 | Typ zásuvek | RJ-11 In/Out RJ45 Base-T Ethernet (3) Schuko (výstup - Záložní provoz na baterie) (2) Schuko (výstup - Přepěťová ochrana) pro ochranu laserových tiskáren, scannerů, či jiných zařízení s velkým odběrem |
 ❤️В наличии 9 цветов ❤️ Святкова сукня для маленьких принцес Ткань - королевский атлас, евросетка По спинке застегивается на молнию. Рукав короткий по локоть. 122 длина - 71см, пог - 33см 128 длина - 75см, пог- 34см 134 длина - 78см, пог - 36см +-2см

##########

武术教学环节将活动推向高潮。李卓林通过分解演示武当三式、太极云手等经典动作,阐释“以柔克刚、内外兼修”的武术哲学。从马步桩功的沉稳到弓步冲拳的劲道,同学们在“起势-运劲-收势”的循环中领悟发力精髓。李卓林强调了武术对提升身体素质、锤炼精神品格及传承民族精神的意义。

##########

*WHAT IS EXPECTED*:
Everything above from the line containing "velkým odběrem |" down to the line containing "- 36см +-2см" should be copied exactly, both end lines included, and nothing else.

*RESPONSE FOR THIS EXERCISE*:
 | Typ zásuvek | RJ-11 In/Out RJ45 Base-T Ethernet (3) Schuko (výstup - Záložní provoz na baterie) (2) Schuko (výstup - Přepěťová ochrana) pro ochranu laserových tiskáren, scannerů, či jiných zařízení s velkým odběrem |
 ❤️В наличии 9 цветов ❤️ Святкова сукня для маленьких принцес Ткань - королевский атлас, евросетка По спинке застегивается на молнию. Рукав короткий по локоть. 122 длина - 71см, пог - 33см 128 длина - 75см, пог- 34см 134 длина - 78см, пог - 36см +-2см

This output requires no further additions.